È menzionata anche Itineranze DOC, atelier di sviluppo di opere prime sostenuto da MiC e da SIAE nell’ambito di “Per chi crea”, che unisce sei festival italiani dedicati al cinema indipendente. Si aggiunge la prima edizione di Docs4Real – Nuovi sguardi sul territorio, nato dalla collaborazione con Biografilm – Bio to B – Industry Days | Doc, con l’obiettivo di sostenere la crescita di nuove personalità autoriali under 35 del cinema del reale in Emilia-Romagna.

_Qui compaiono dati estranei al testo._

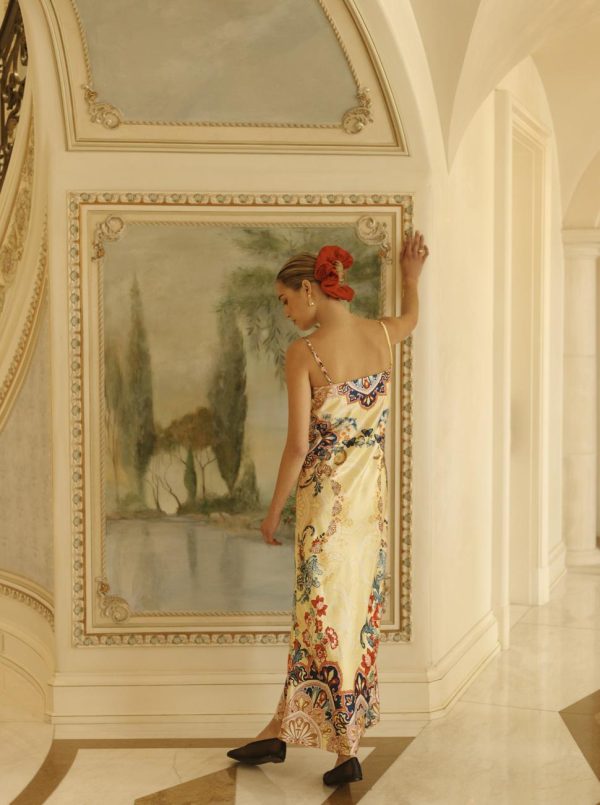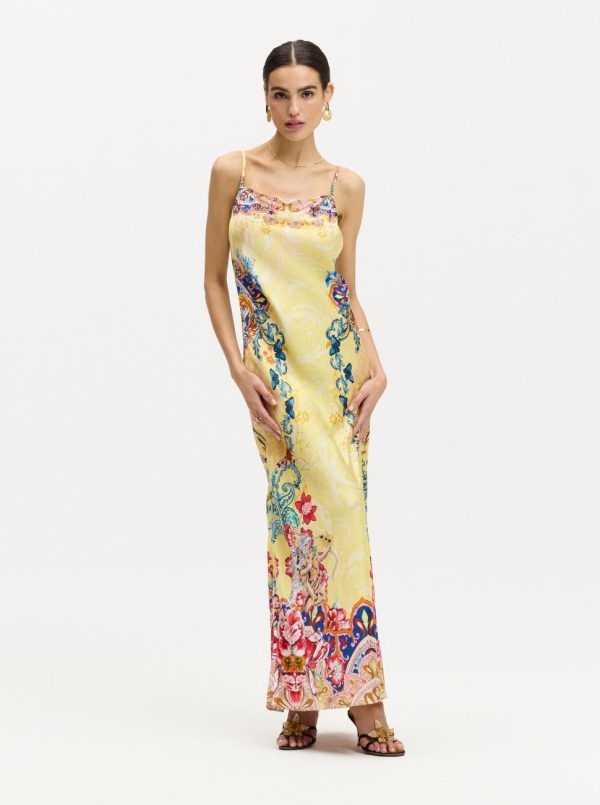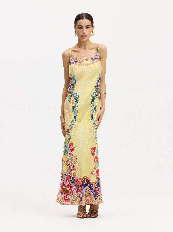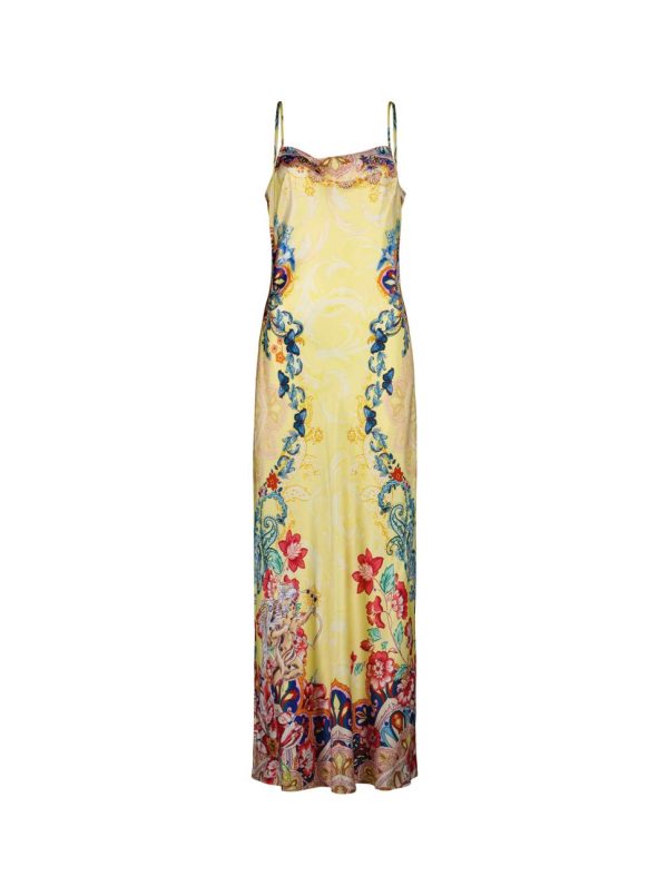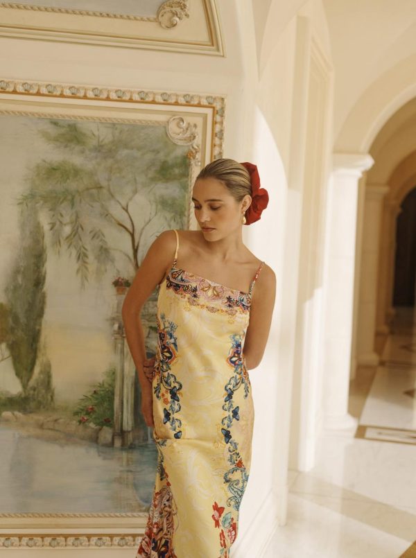 Turn heads at your next event in the Kaia dress. A sunshine yellow hue is accented by vivid florals to elevate this slip dress silhouette. Adjustable straps make it the perfect fit. Dressed up or down, this dress is a stunning choice.

bellaria film festival for school: proiezioni e incontri
Il festival ospita 100 ragazzi e ragazze per percorsi di formazione e masterclass dedicati al cinema, con la presenza di 12 giovani professioniste che seguono l’hub RE-SISTERS. Le attività includono incontri e proiezioni scolastiche tramite Bellaria Film festival For School, con proiezioni collegate a Leila di Alessandro Abba Legnazzi e Testa o croce? di Alessio Rigo de Righi e Matteo Zoppis. A Testa o croce? viene associata anche una mostra a Palazzo del Turismo con fotografie di scena scattate da Astrid Ardenti e Alessandro Zoppis.